De La invención de la soledad de Paul Auster
La chica se aproximaba cada vez más y comenzó
a describirle todas las cosas lascivas que podría hacerle en «la habitación del
fondo» si estaba dispuesto a pagar. Sus proposiciones eran tan directas y en
cierto modo graciosas que él acabó aceptando. Por fin decidieron que le
chuparía el pene, pues afirmaba tener un talento extraordinarío para aquella
actividad, y en efecto se dedicó a la tarea con un entusiasmo sorprendente.

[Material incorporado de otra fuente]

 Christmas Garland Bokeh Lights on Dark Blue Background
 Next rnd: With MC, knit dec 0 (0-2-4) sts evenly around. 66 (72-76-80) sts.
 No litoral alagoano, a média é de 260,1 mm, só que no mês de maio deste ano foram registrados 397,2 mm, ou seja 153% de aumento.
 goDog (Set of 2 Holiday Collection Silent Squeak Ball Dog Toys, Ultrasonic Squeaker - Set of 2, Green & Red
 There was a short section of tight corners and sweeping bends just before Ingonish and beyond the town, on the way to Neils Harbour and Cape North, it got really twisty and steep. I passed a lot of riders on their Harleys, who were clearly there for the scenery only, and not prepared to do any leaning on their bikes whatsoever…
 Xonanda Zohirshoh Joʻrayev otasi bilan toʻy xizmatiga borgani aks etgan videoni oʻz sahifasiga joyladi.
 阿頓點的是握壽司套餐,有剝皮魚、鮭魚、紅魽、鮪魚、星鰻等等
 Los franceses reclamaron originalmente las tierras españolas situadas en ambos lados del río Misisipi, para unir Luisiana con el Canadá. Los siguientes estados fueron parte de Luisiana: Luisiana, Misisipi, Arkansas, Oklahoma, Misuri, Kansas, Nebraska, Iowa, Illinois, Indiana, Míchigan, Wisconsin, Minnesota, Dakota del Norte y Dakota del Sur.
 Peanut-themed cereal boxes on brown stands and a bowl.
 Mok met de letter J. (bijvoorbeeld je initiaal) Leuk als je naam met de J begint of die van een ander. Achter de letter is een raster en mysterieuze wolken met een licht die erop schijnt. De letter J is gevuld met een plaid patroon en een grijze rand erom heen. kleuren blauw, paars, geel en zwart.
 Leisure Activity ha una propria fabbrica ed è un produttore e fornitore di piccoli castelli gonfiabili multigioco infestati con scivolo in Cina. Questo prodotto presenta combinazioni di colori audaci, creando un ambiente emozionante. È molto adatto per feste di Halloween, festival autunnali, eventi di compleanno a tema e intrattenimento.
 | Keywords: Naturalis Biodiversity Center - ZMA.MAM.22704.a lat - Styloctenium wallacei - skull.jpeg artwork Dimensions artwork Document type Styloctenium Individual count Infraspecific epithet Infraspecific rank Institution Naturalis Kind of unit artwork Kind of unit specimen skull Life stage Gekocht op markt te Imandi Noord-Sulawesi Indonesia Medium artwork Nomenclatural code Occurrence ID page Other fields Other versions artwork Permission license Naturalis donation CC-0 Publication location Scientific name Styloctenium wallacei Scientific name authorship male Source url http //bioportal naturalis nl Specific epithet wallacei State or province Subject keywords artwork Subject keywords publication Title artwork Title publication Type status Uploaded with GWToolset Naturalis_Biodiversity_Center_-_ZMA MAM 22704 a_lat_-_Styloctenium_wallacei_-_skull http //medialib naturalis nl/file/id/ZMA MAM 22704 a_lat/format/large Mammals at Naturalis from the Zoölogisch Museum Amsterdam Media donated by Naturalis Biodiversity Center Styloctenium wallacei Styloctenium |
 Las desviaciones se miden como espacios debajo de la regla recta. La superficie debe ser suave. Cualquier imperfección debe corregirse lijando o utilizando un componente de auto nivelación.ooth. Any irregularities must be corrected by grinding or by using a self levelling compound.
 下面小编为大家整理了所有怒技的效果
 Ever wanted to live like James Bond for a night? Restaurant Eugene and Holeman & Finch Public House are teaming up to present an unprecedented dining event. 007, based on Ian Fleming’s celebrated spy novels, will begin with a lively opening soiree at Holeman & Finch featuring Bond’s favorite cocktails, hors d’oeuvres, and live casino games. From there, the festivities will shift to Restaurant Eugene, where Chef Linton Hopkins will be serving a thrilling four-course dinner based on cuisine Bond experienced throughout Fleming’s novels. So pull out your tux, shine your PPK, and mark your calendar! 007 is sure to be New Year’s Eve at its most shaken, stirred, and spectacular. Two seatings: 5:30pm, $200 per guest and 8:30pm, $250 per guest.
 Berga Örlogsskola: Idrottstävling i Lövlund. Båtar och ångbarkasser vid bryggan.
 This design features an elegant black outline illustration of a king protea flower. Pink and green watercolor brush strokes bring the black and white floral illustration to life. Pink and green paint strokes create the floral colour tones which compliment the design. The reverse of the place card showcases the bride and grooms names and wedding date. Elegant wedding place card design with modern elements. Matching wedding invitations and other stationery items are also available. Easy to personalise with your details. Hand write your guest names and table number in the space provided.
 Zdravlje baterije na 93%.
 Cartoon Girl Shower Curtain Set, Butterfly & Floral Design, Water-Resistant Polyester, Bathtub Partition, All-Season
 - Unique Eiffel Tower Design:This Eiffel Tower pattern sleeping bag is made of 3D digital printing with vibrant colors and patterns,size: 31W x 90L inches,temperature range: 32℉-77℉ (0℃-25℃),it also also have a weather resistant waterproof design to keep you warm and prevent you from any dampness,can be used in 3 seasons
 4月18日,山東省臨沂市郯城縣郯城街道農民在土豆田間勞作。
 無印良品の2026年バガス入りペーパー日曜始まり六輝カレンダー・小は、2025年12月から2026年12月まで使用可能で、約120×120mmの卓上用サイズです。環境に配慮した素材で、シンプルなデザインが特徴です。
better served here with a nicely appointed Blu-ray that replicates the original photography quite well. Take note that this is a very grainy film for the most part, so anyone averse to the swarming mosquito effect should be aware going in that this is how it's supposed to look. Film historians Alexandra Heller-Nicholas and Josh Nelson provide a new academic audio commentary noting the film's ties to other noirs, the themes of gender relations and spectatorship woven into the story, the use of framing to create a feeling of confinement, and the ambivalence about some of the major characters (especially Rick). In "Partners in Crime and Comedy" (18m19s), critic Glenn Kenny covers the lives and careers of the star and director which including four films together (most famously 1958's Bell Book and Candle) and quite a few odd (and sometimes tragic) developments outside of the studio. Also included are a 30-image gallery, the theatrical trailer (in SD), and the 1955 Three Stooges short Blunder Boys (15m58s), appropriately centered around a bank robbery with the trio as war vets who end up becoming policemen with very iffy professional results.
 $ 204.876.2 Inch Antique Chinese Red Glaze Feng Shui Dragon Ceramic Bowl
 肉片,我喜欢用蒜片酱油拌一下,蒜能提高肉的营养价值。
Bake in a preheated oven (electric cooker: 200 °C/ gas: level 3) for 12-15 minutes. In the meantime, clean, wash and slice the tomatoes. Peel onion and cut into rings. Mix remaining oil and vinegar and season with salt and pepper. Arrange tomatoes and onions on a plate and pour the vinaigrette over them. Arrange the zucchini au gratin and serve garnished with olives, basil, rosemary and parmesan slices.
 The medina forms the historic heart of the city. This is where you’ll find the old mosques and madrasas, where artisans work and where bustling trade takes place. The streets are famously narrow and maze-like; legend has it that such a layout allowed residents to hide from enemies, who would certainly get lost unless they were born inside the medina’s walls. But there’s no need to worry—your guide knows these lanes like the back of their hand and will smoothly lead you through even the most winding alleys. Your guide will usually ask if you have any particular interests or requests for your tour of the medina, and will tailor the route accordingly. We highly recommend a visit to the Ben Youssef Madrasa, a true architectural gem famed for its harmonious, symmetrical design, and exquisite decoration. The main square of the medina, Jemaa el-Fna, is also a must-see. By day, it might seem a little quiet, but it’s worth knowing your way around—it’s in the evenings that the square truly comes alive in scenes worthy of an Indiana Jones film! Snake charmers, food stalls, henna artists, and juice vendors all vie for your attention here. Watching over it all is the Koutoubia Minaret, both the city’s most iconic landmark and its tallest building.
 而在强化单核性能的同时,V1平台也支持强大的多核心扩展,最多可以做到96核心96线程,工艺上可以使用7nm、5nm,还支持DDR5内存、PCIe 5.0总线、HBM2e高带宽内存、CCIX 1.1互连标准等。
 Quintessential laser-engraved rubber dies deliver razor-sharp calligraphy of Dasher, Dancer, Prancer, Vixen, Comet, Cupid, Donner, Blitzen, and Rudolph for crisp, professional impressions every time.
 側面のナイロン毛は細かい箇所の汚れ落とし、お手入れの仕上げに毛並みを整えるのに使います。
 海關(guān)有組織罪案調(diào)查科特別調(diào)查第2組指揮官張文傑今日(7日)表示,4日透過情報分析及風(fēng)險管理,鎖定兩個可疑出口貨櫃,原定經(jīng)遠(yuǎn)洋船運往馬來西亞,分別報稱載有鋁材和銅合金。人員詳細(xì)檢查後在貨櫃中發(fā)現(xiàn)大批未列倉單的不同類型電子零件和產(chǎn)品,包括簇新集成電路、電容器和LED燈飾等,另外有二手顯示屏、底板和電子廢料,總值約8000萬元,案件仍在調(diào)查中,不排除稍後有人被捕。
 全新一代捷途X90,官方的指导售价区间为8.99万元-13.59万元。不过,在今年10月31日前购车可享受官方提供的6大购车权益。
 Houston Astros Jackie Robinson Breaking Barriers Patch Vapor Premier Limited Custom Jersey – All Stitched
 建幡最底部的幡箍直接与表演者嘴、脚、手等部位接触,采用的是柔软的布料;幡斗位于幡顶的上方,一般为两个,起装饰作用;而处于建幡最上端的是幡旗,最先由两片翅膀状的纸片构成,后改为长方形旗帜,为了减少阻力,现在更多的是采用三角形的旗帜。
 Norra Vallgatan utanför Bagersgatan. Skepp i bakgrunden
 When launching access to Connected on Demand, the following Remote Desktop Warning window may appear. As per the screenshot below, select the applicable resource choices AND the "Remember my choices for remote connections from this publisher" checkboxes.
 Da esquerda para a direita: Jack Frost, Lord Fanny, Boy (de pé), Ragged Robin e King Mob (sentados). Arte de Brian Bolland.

Unos minutos más tarde, en el preciso instante en que se corría dentro de su
boca con un largo y palpitante chorro de semen, A. tuvo una visión que lo ha
acompañado desde entonces: cada eyaculación contiene miles de millones de
espermatozoides -o más o menos la cantidad equivalente al número de habitantes
del planeta- y eso significa que cada hombre guarda en sí mismo el potencial de
un mundo entero. Y en lo que ocurriría, si esto pudiera ocurrir, se encuentra toda
la gama de posibilidades: las semillas de idiotas y genios, de bellos y deformados,
de santos, catatónicos, ladrones, corredores de bolsa y equilibristas. Cada
hombre, por lo tanto, es un mundo entero y alberga en sus propios genes un
decálogo de toda la humanidad. O, como dice Leibniz: «cada sustancia viva es un
perpetuo espejo viviente del universo». Pues el hecho es que estamos formados
por la misma materia que surgió de la primera explosión, de la primera chispa
en el vacío infinito de espacio. O al menos eso se dijo a sí mismo, en aquel
momento mientras su pene estallaba en la boca de la mujer desnuda cuyo nombre
ha olvidado. Pensó: la irreductible mónada. Y luego como si por fin lograra
asimilarlo, pensó en la célula microscópica y furtiva que se había abierto
camino en el cuerpo de su mujer, unos tres años antes, para convertirse en su
hijo.
Por otra parte, nada.
Languidecía, sudaba en el calor del verano. Como un Oblomov contemporáneo
acurrucado en su sofá no se movía a no ser que fuera imprescindible.